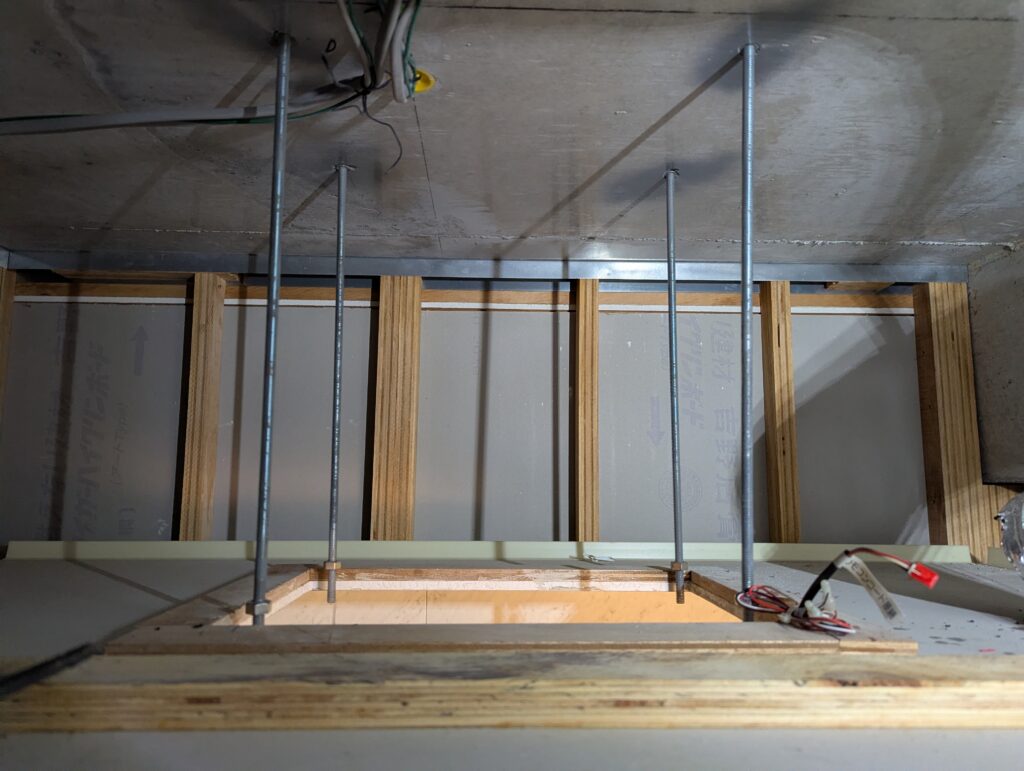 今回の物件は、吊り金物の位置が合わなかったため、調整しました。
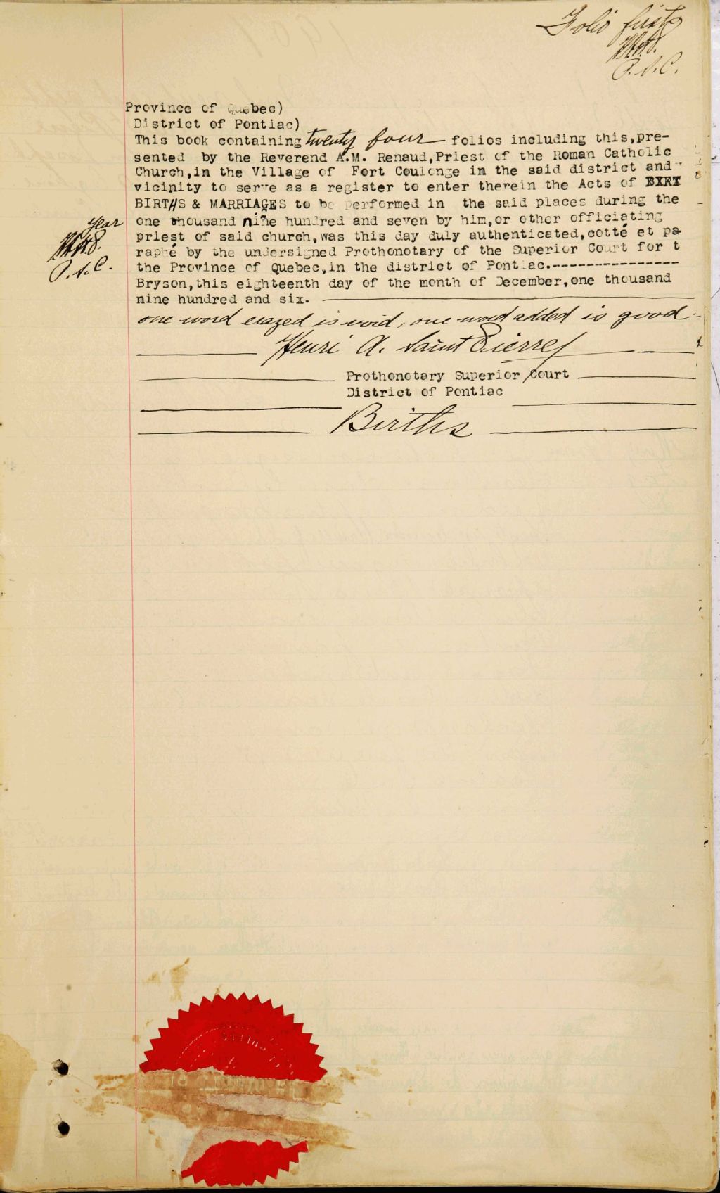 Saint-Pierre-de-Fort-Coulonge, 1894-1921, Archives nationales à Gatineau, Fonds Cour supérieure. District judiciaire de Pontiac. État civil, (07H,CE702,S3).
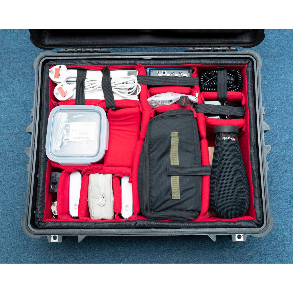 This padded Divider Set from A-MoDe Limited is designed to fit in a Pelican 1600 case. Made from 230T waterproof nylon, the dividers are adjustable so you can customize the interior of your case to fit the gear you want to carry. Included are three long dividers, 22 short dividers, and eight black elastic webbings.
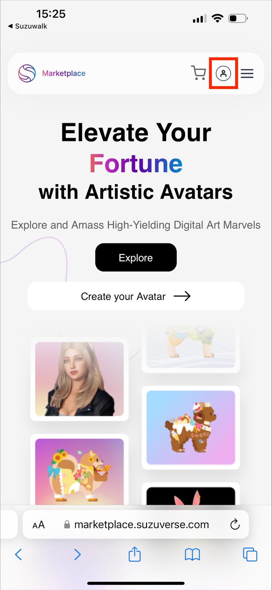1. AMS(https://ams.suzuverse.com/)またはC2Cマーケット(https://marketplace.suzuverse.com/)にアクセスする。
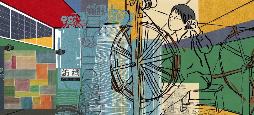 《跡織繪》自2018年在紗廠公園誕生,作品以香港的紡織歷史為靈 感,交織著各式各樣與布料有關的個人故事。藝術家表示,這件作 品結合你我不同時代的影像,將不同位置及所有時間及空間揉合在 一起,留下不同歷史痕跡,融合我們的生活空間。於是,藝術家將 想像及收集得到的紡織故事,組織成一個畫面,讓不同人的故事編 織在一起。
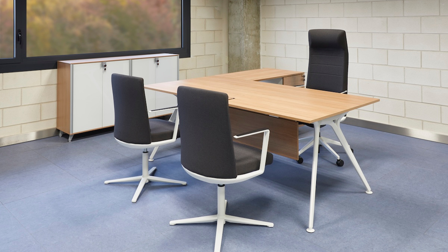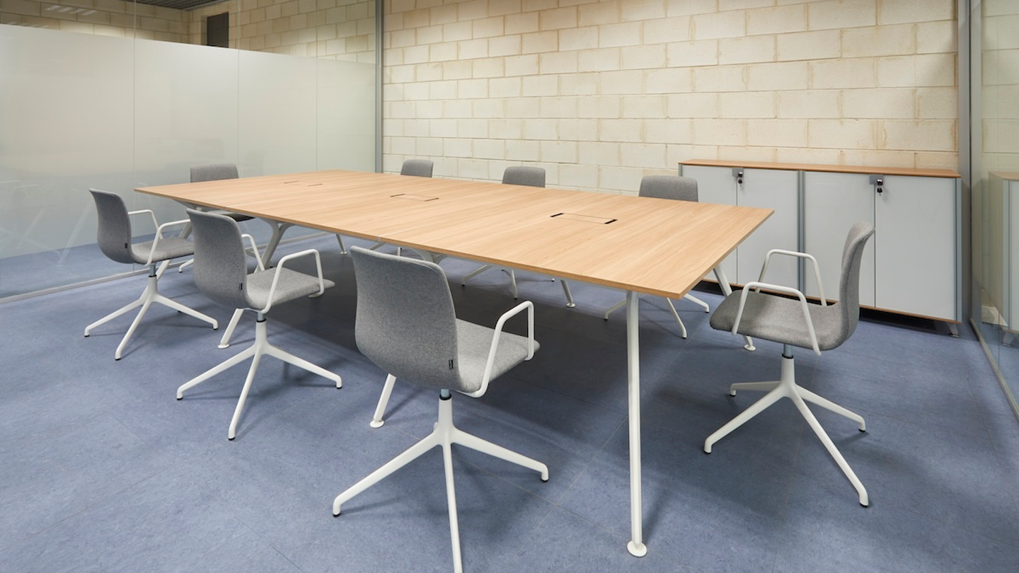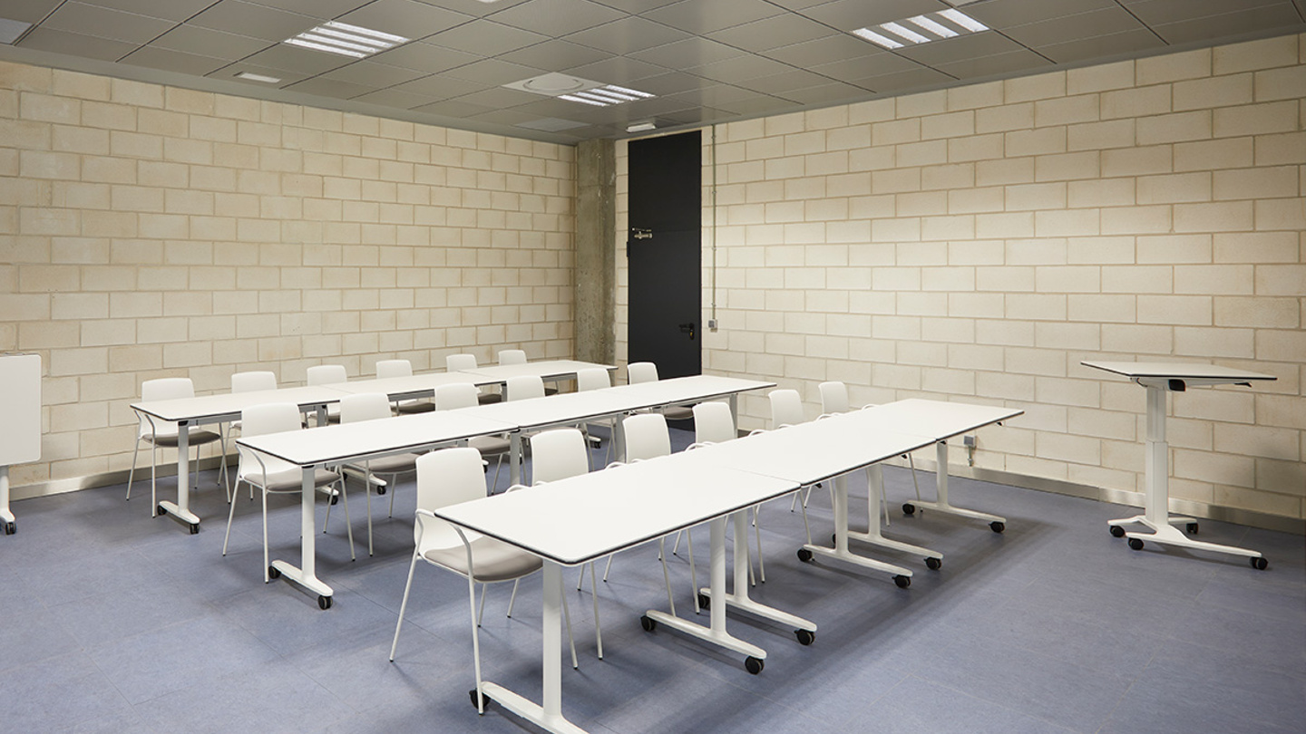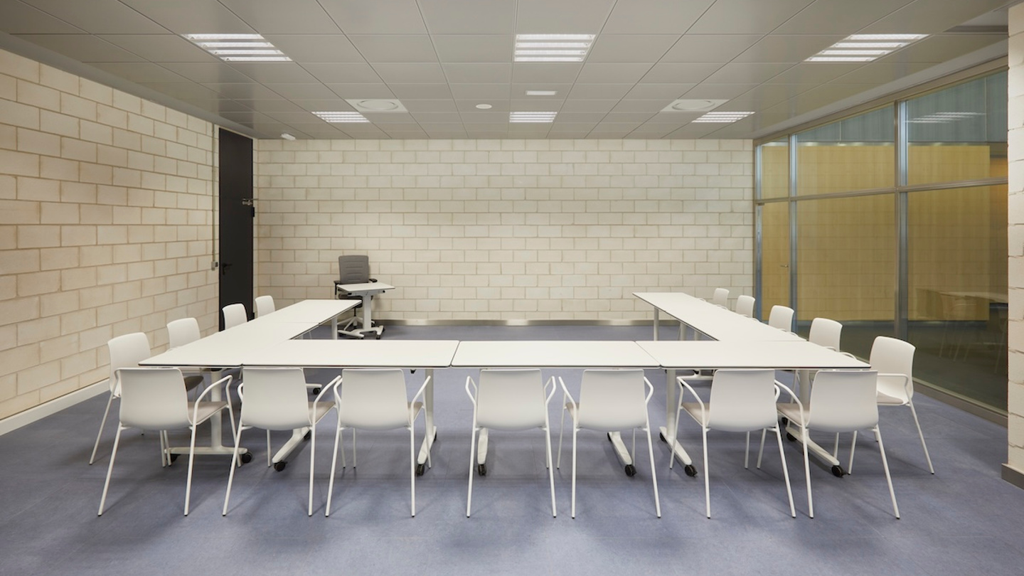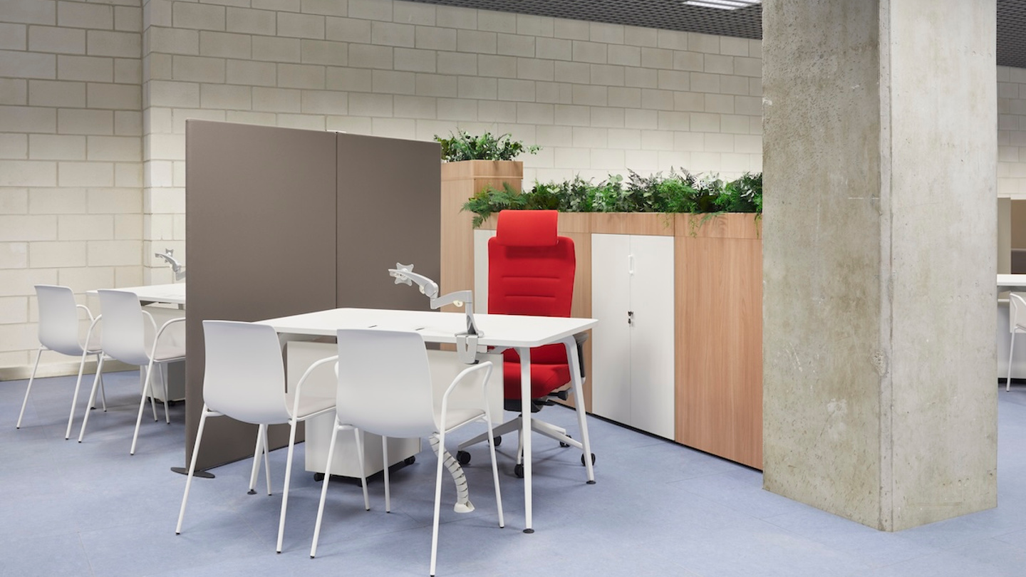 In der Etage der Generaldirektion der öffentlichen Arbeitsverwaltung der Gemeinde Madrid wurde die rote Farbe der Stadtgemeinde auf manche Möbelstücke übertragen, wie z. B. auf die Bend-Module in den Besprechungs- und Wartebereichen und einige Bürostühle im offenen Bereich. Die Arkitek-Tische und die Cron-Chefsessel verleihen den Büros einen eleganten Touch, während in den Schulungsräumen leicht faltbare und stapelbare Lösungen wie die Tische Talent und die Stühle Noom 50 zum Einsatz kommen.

* * * * *

What the task requires: Quote each line of the listing exactly, but leave the pictures out.

Written response:
 今回の物件は、吊り金物の位置が合わなかったため、調整しました。
 Saint-Pierre-de-Fort-Coulonge, 1894-1921, Archives nationales à Gatineau, Fonds Cour supérieure. District judiciaire de Pontiac. État civil, (07H,CE702,S3).
 This padded Divider Set from A-MoDe Limited is designed to fit in a Pelican 1600 case. Made from 230T waterproof nylon, the dividers are adjustable so you can customize the interior of your case to fit the gear you want to carry. Included are three long dividers, 22 short dividers, and eight black elastic webbings.
1. AMS(https://ams.suzuverse.com/)またはC2Cマーケット(https://marketplace.suzuverse.com/)にアクセスする。
 《跡織繪》自2018年在紗廠公園誕生,作品以香港的紡織歷史為靈 感,交織著各式各樣與布料有關的個人故事。藝術家表示,這件作 品結合你我不同時代的影像,將不同位置及所有時間及空間揉合在 一起,留下不同歷史痕跡,融合我們的生活空間。於是,藝術家將 想像及收集得到的紡織故事,組織成一個畫面,讓不同人的故事編 織在一起。
 In der Etage der Generaldirektion der öffentlichen Arbeitsverwaltung der Gemeinde Madrid wurde die rote Farbe der Stadtgemeinde auf manche Möbelstücke übertragen, wie z. B. auf die Bend-Module in den Besprechungs- und Wartebereichen und einige Bürostühle im offenen Bereich. Die Arkitek-Tische und die Cron-Chefsessel verleihen den Büros einen eleganten Touch, während in den Schulungsräumen leicht faltbare und stapelbare Lösungen wie die Tische Talent und die Stühle Noom 50 zum Einsatz kommen.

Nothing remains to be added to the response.